Да, я знаю, что дёргаю тигра за усы, но поступить иначе, значит окончательно выбиться из образа. Старый перец махом заподозрит подвох. Это он на публику страдает маразмом, играя так, что Станиславский поверит, на самом деле Дамболдор дьявольски умён. Недаром его, за глаза, зовут Гроссмейстером. Дедок просчитывает свои действия минимум на три шага вперёд, и лишь моя завуалированная наглость сбивает старика с панталыку, заставляя ошибаться. Стоит только дать намёк о готовности пойти на поводу – всё, пиши пропало. Увязнет коготок, а за ним и птичка пропадёт.
– Ох, Гарольд, – отечески покачал головой Дамболдор. – Уму непостижимо, что вы, в столь юном возрасте уже такой формалист.
– Мерлин с вами, профессор, куда мне до закостенелых формалистов. Мне до Барти Крауча ещё расти и расти! Есть к чему стремиться, согласитесь. В то же время мы с вами на брудершафт не пили, поэтому панибратский тон считаю недопустимым. Вам простительно в силу возраста, а мне по той же причине недопустимо. Уж простите за резкий тон, профессор.
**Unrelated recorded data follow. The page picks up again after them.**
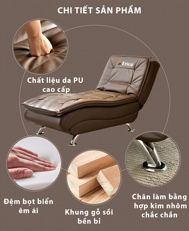 ERICA – GT6 được cấu tạo thành một khối nhưng khá linh động khi sử dụng. Có thể thay đổi dáng tựa lưng theo ý muốn nhờ sở hữu cơ chế nâng gập 3 góc độ: 90°, 145° và 180°. Bởi vậy, đây được coi là một sản phẩm nội thất thông minh mang phong cách hiện đại đem lại nhiều tiện ích cho người dùng. Bạn có thể dễ dàng dựng phần lưng ghế để biến nó thành chiếc ghế ngồi xem TV, đọc sách, uống café. Ngoài ra, bạn cũng có thể hạ phần lưng với góc nghiêng hợp lý, để có được giây phút nghỉ ngơi đúng điệu, thoải mái yên giấc.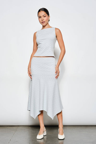 Bring on the playful vibes in the Kira Midi Skirt— sweet polka dot print.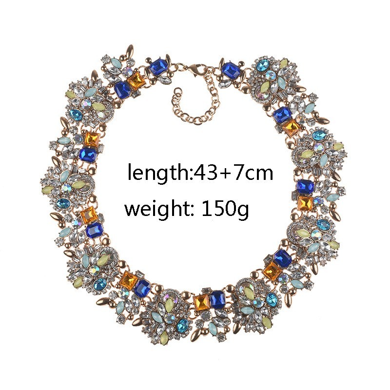 color crystal set provides maximum glamour and makes accessorizing simple for any formal event or special occasion.Set Details:Necklace Style: Choker/Collar, featuring Blue, Yellow, and Teal stones.Earring Style: Drop/Dangle, featuring Gray and Clear iridescent stones.Necklace Total Length: 50 cm≈22.45 inches.Earring Length: 6.2 cm≈2.44 inches.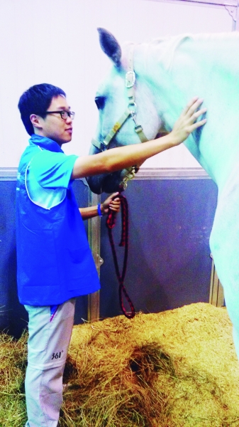 刘骦今年27岁,从事马匹的兽医工作已有4年多,这次他护送38匹赛马从北京来到南京新庄的马术馆。这几个月来他每天10多个小时都与马待在一起,对每一匹赛马的脾气了如指掌,已经和赛马成了好朋友。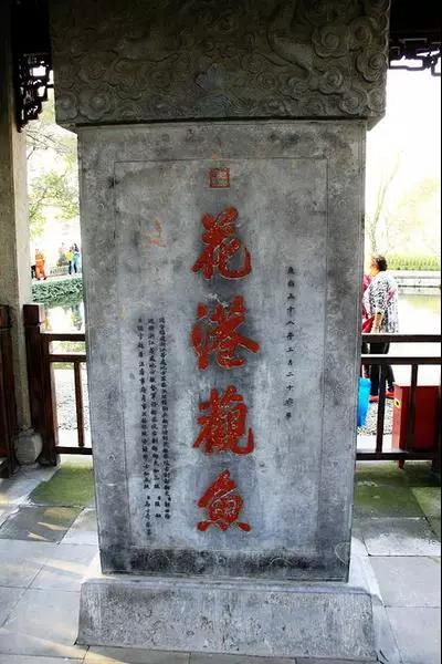 “花港观鱼”碑,也是康熙皇帝的御笔,“鱼”字少一点是“有意写错”。

– Видал, мальчик мой, какой у тебя сын? – улыбнувшись, как электросварочная дуга, Дамболдор обратился к Джеймсу Поттеру, по – дружески ткнув того под локоток. Да – да, а то, что тебя походя макнули мордой в грязь, мы предпочитаем не замечать и делаем хорошую мину при плохой игре. – Гарольд, мы с Джеймсом считаем, что магия родного мэнора и домашнего алтаря пойдёт тебе на пользу и ускорит выздоровление. Так всегда было, все чистокровные знают, что родной очаг помогает. Выслушай Джеймса, пожалуйста.
Оп – па! Сын! А где долгие речи о втором шансе и всепрощении? Старый пень куёт без преамбулы и разогрева публики. Ловко. Продолжая ослеплять присутствующих светом вставной челюсти, Дамболдор ненавязчиво подтолкнул Поттера вперёд. Кашлянув в кулак, Джеймс разродился целой программной речью о семейных и родовых ценностях и всемирном покаянии. Прямо‑таки курским соловьём распелся, заслушаешься. Видимо три ночи не спал – учил. Дамболдор, стоя позади протеже, ободряюще улыбался. Понятно, почему не он полоскает мозги окружающим, при таком‑то заместителе, а Джеймс тем временем подошёл к главному:
– Гарольд, мальчик мой, – на этих словах я закашлялся. Том хотел участливо постучать меня по спине, но его рука замерла на половине пути, виновато потупившись, он подал стакан чистой воды. Интерны, присутствующие в медицинском крыле дружно превратились во внимание и навострили уши. Дам червонец за медный рупь – ни одно слово не пролетит мимо них и завтра…, нет, сегодня, буквально через пять минут после разговора, весь персонал Святого Мунго будет в курсе вечерних хогвартских событий, а завтра уже и вся магическая Британия. Тут и к Рите Скитер ходить не надо. Сарафанное радио самое быстрое агентство новостей в мире, не разделяя его на маггловский и магический.